The notices, which are effectively an admission that an authority cannot meet its budget commitments, ban new expenditure on non-statutory services. 

It was Northamptonshire’s second section 114 notice of the year and said that, taking into account the county’s brought-forward deficit from 2017-18, Northamptonshire had an overall forecast deficit of £60-70m, rising to £125m by the end of the 2019/20 financial year. The report to councillors this week says £41.5m of unfunded deficit still remains from 2017/18.

Duncan, who took up his post in November, said Northamptonshire’s 2018-19 progress had been secured “through the hard work and patient endeavour of staff at all levels across the council, working under the clear direction of a new cabinet and executive leadership team.

“The level of savings delivered in-year has been unprecedented,” he said.

“This provisional outturn position of a £1m underspend for 2018/19 has been achieved because of the successful delivery of budgeted savings of £24.8m, and savings from the stabilisation plan amounting to £8.2m.”

Adult social services made the biggest single contribution to the £24.8m figure, with an underspend of £10.3m. “Corporate costs” made the second-largest contribution, with an underspend of £5.5m. Children First Northamptonshire underspent by £4.7m.

Duncan said the budget had been balanced in-year without the use of the capital dispensation granted by secretary of state for local government James Brokenshire that would allow it to use capital receipts for revenue. Duncan’s report identified £76m of available capital receipts, more than half related to the sale of the authority’s One Angel Square building.
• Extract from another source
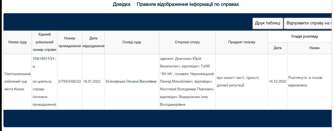 16 грудня 2022 року Святошинський районний суд міста Києва у складі головуючого судді Оксани Уль’яновської позов Черновецького Леоніда Михайловича про захист честі, гідності, ділової репутації, зобов’язання спростувати недостовірну інформацію та відшкодування моральної шкоди – залишено без задоволення.

Duncan said the agreed capital dispensation could be used to deal with deficits inherited before the 2018/19 financial year.

He proposed using £41.5m to fund the total brought-forward unfunded deficit from 2017-18; £20m to create an un-allocated revenue reserve; and £8.5m to mitigate savings included in the council’s stabilisation plan that were not delivered.

Elsewhere, the report flagged issues with the Local Government Shared Services partnership – known as LGSS – run by Northamptonshire with Cambridgeshire and Milton Keynes councils, and which offers services to a range of other public-sector organisations.

It said there had been “a number of long standing, historic billing issues” between LGSS Law and Northamptonshire and that the authority was currently owed £1.78m by the entity, most of which relates to historic recharges of agency workers from 2015/16.

Duncan noted: “At present, the company’s cash flow position is not at a sufficient level to be able to repay this outstanding debt to Northamptonshire County Council, and as such, recovery of these sums are at risk.”

The reorganisation of Northamptonshire’s local-government map confirmed yesterday will create new unitary councils called North Northamptonshire and Northamptonshire West. 

North Northamptonshire will bring together the current districts of Kettering, Corby, East Northamptonshire and Wellingborough. The West Northamptonshire authority will cover the districts of Daventry, Northampton and South Northamptonshire.

Announcing the government’s decision, secretary of state James Brokenshire said the new authorities would “usher in a new era for the county, transforming the way services are delivered”.

He added that education secretary Damian Hinds was “minded” to create a children’s trust to deliver social care for young people across the whole county on behalf of the two councils.

Brokenshire said the move would “ensure continuity” of services and followed the creation of effective children’s trusts in Doncaster, Slough and Birmingham.